▶ **INPUT FOR THIS TASK**:
⁂

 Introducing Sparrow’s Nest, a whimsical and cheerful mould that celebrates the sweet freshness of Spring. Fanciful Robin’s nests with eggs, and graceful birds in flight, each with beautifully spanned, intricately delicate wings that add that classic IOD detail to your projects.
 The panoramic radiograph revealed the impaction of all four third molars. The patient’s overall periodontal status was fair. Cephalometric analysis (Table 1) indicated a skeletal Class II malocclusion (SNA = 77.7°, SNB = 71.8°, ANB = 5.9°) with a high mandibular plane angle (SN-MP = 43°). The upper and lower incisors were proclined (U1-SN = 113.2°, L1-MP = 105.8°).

⁂

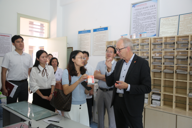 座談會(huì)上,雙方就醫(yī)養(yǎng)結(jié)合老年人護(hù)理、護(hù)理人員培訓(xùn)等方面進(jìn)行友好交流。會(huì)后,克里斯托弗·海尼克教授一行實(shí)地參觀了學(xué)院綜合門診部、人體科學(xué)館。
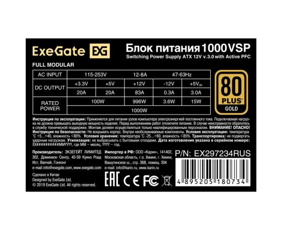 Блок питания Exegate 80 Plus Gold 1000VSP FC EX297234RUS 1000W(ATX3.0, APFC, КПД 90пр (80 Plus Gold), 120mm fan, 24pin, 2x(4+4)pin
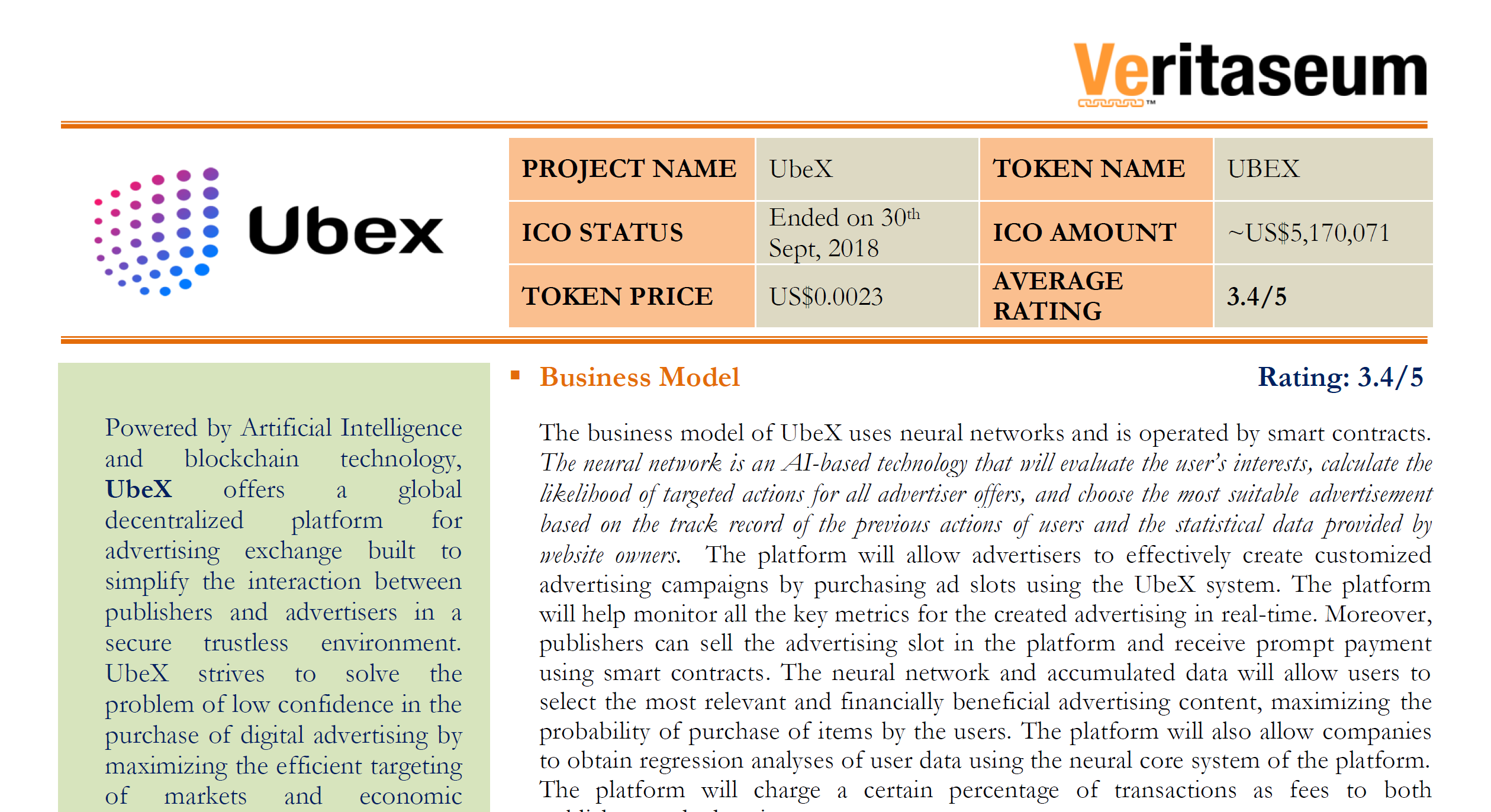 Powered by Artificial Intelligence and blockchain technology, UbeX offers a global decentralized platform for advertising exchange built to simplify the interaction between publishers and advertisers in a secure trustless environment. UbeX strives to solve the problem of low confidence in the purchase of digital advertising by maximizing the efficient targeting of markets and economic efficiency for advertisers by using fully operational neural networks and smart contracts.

⁂

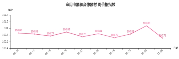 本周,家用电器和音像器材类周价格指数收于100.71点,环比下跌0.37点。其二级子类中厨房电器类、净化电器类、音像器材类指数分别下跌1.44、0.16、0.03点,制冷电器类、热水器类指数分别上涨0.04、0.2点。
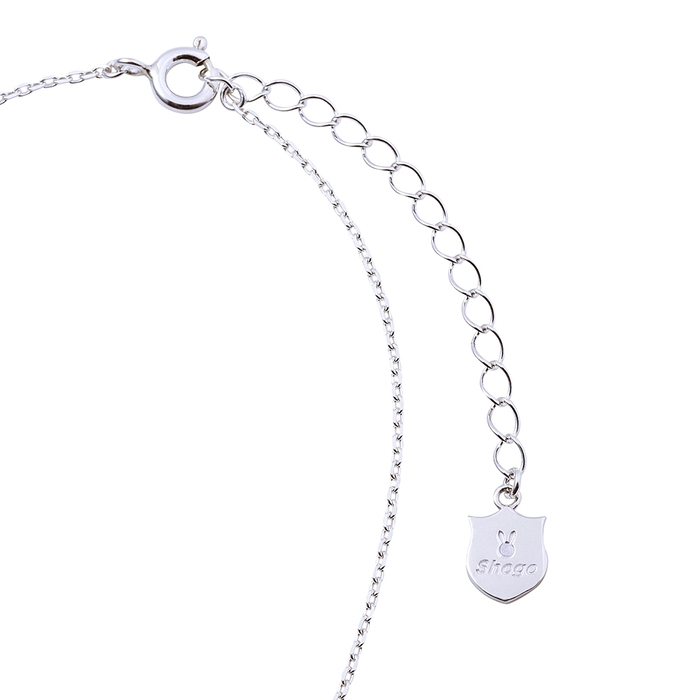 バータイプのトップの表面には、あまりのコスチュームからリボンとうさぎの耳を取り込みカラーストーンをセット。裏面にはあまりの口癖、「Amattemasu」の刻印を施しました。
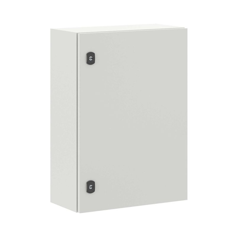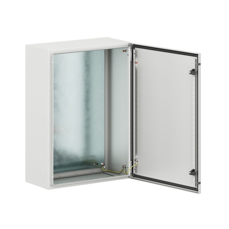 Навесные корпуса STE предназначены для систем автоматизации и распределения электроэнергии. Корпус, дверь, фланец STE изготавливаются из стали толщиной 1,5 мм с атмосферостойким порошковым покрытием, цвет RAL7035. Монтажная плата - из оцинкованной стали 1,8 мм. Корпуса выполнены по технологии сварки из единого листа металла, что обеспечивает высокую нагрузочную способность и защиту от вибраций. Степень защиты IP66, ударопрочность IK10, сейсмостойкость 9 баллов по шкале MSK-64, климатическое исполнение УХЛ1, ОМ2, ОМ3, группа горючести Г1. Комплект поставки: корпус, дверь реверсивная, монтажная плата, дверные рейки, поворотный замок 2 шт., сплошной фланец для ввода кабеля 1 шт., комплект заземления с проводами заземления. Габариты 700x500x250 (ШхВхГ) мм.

⁂

▶ **TASK DIRECTIONS**: The reply should hold the entries above from the line with "Блок питания Exegate" to the line with "Powered by Artificial", duplicated exactly, pictures excluded.

▶ **EXERCISE SOLUTION**:
 Блок питания Exegate 80 Plus Gold 1000VSP FC EX297234RUS 1000W(ATX3.0, APFC, КПД 90пр (80 Plus Gold), 120mm fan, 24pin, 2x(4+4)pin
 Powered by Artificial Intelligence and blockchain technology, UbeX offers a global decentralized platform for advertising exchange built to simplify the interaction between publishers and advertisers in a secure trustless environment. UbeX strives to solve the problem of low confidence in the purchase of digital advertising by maximizing the efficient targeting of markets and economic efficiency for advertisers by using fully operational neural networks and smart contracts.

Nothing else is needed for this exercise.